I have been working with others to help form a group of Mayors in the Upper Cumberland.  The Upper Cumberland County Mayors and Executives represent 14 counties and 360,399 individual Tennesseans.  As a group, we talk frequently about issues that affect our constituents and our entire region as a whole.  We recently let the State know of concerns we have with the data the TDH is publishing daily regarding the number of recovered cases being reported.  In talking with other Mayors and Executives in other regions of the state, we believe the concern is widespread.  This data is important in order to have an accurate view of spread and sickness in the community.

To make a long story short, we believe that the recovered data is lagging behind what is reported.  In other words, we believe we should have many more recovered cases than reported.  This in turn means that our number of active cases would be significantly overstated and that our recovered percentage is understated. 

Yesterday during the Governor’s press conference, a reporter asked about this data.  Dr. Lisa Piercey, TDH Commissioner, announced that they had heard from several counties about the patient recovered data.  In looking in to the matter, they discovered that the criteria for a case changing to a recovered was using the original 21-day guideline.  She said they now know that a more accurate account would be 14 days and said we should be hearing more about this in the next few days.  Hopefully the change is made to more accurately reflect our circumstances.  Good data matters in decision making, and I am thankful our concerns were listened to.

I have also been asked why I use the cumulative positivity rate when reporting.  The positivity rate is the number of positive tests divided by the total number of tests.  This number can be important to demonstrate if a larger percentage of individuals that are tested are receiving a positive result. 
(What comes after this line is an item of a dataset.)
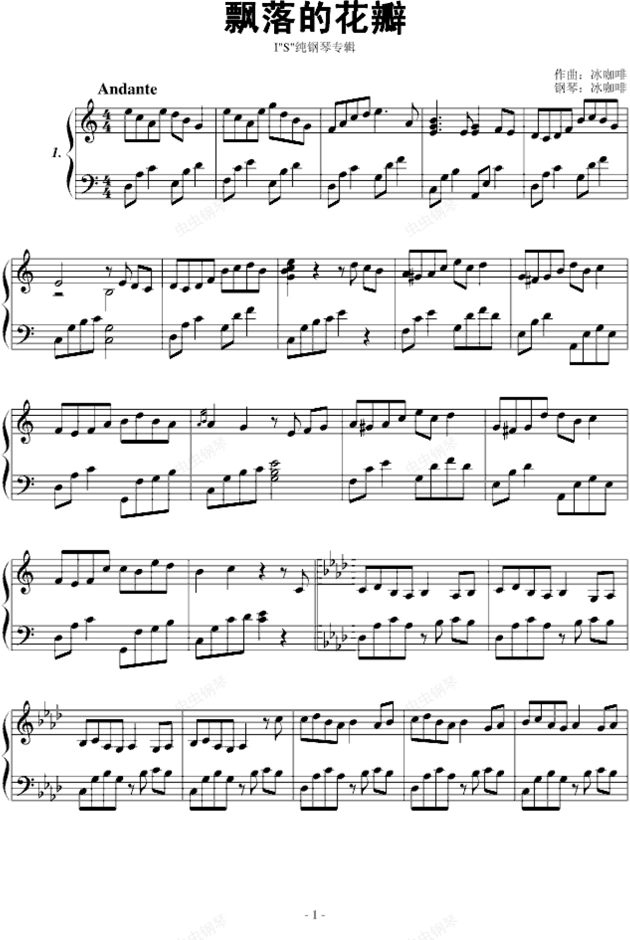 钢琴谱:飘落的花瓣【IS纯钢琴专辑】
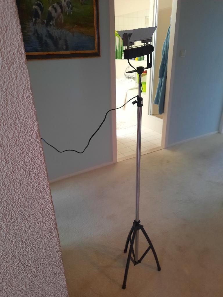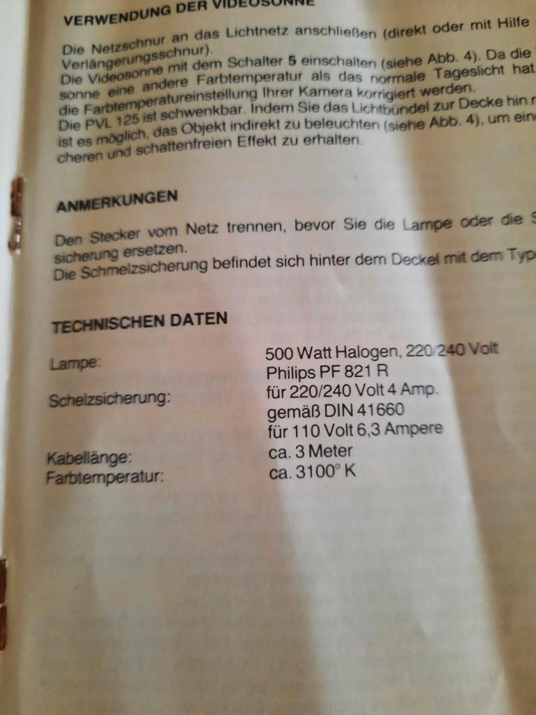 Goede video lamp met standaard van 120 cm tot 200 cm. Kabellengte 3 meter. Philips pvl 125 huidige lampbuis is defect.

The reason I have been using the cumulative data is that the result returns are sporadic.  For example, on Wednesday we received 481 test results in the TDH data and on Thursday we received 421.  That is 908 results in two days.  That is close to how many specimens the Health Department would collect in a week.  Again, this is no conspiracy or ill intent, it’s just how the labs are able to process the tests and the TDH can get it entered.  But it can serve to make the data snapshot skewed if people don’t understand that.  Those same two days we received positive results on 29 and 31 cases respectively.  Those are large jumps in raw numbers, but when you do the math the positivity rate is 6.6 percent, which is lower than the state rate.  Today’s rate for Cumberland County was 6%.
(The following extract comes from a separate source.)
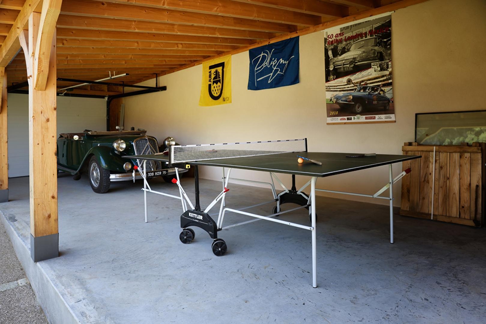 Située au pied d'une reculée, à quelques pas du centre-ville, la propriété séduit par son ambiance champêtre. Vous y trouverez jardins, verger, canal et rivière. Entièrement aménagé en 2024 dans un ancien atelier de menuiserie construit sur un vieux moulin, le gîte vous accueille avec un grand espace séjour ouvert et lumineux de 90 m² surmonté de mezzanines. Cet espace comprend salon, salle à manger et cuisine, Il donne vue sur la roue du moulin en sous-sol. Vous mettez en mouvement cette dernière à votre guise. Le gîte étant prévu pour 14 personnes, les chambres et commodités mises à disposition pour 8 personnes sont fonction de la composition du groupe et de ses desiderata, jusqu’à 4 chambres et 3 ou 4 salles de bains. Le rez-de-chaussée du gîte propose deux chambres : l'une avec un lit double (160 cm), l'autre avec deux lits simples modulables, ainsi que deux salles d'eau et deux WC. À l'étage, quatre chambres peuvent accueillir jusqu'à 8 personnes (un lit double de 180 cm et six lits simples modulables), avec trois salles d'eau et un WC indépendant. À l'extérieur, une terrasse en bois donne sur la pelouse, une autre surplombe le verger, offrant une vue panoramique sur la propriété et le paysage. La galerie nord, suspendue et couverte, est idéale en été pour sa fraîcheur. Elle donne sur la rivière et le relief en vis-à-vis. Vous aurez accès au verger, aux cheminements sur la propriété, à un bassin, au ruisseau qui longe le moulin, aux berges d'une rivière peu profonde et au petit canal qui traverse la propriété. Ce gîte est situé en bordure de la route qui mène aux lacs et aux stations de ski. Le tarif de la location inclut une consommation électrique "raisonnable" incluant le chauffage. Le propriétaire se réserve le droit de demander en fin de séjour un supplément basé sur la consommation réelle et n'excédant pas 120 €.

It is also important to note that this is the rate for the result date, not the specimen collection date.  The specimen collection date is what we would consider the date the test was taken.  It is when an individual drives to the Health Department and has the nasal swab.  The result date is the date that the lab was able to test the specimen and give a result (positive or negative).  That means our positivity rate is based on when the labs complete the testing and when the TDH can get the data reported, not the day the individual was tested.  That is why I use the cumulative positivity rate.

I know this is a long update, but I want to say one more thing about mask/face covering mandates.  I have considered a mask mandate, but when I do, political controversy or votes don’t come in to play.  I am trying to make the best decisions I can.  I think that we all want what is best for Cumberland County even though we disagree on what that is at times.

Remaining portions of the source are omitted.